• _Exercise prompt_: Leave the pictures out and return every line below exactly.

• _Information provided_:

▼▼▼

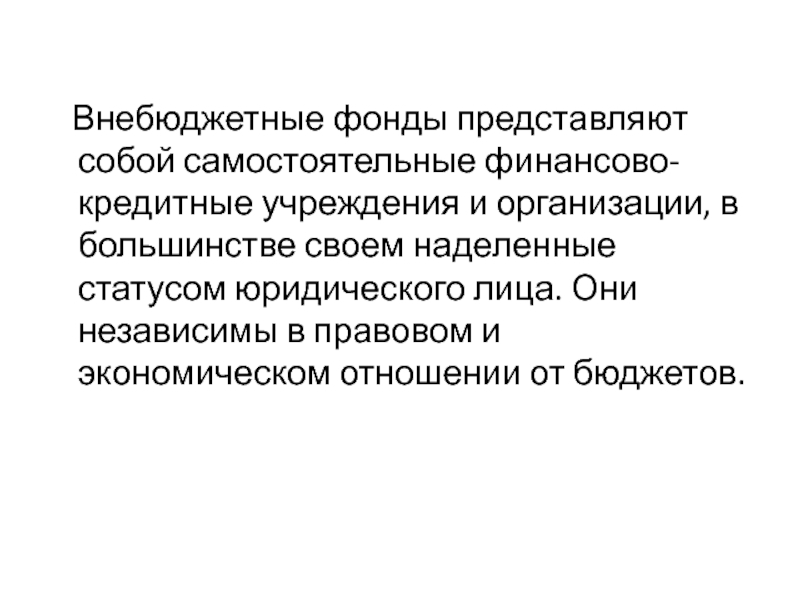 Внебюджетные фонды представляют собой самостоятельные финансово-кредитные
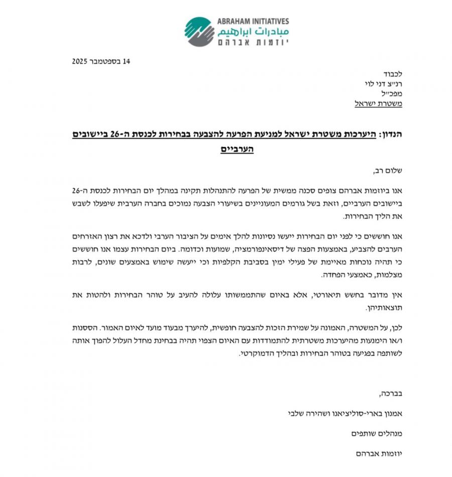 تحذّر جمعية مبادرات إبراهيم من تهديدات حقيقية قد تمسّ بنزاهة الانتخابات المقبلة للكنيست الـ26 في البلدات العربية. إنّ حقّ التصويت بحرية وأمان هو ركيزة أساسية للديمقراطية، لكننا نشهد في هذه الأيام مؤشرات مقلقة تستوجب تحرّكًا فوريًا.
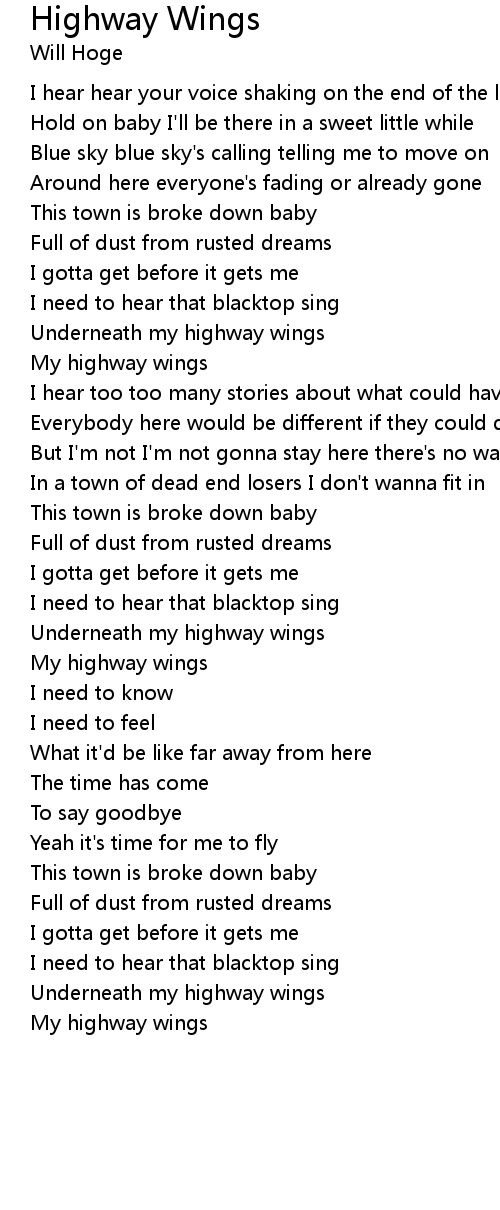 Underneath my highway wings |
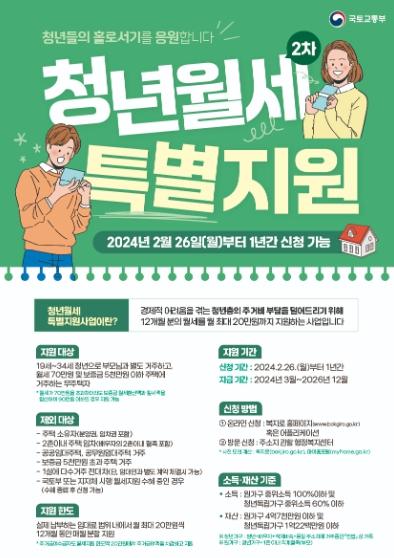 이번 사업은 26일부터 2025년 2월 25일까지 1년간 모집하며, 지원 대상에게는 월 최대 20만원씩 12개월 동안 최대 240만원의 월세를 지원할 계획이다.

▲▲▲

• _Response to this exercise_:
 Внебюджетные фонды представляют собой самостоятельные финансово-кредитные
 تحذّر جمعية مبادرات إبراهيم من تهديدات حقيقية قد تمسّ بنزاهة الانتخابات المقبلة للكنيست الـ26 في البلدات العربية. إنّ حقّ التصويت بحرية وأمان هو ركيزة أساسية للديمقراطية، لكننا نشهد في هذه الأيام مؤشرات مقلقة تستوجب تحرّكًا فوريًا.
 Underneath my highway wings |
 이번 사업은 26일부터 2025년 2월 25일까지 1년간 모집하며, 지원 대상에게는 월 최대 20만원씩 12개월 동안 최대 240만원의 월세를 지원할 계획이다.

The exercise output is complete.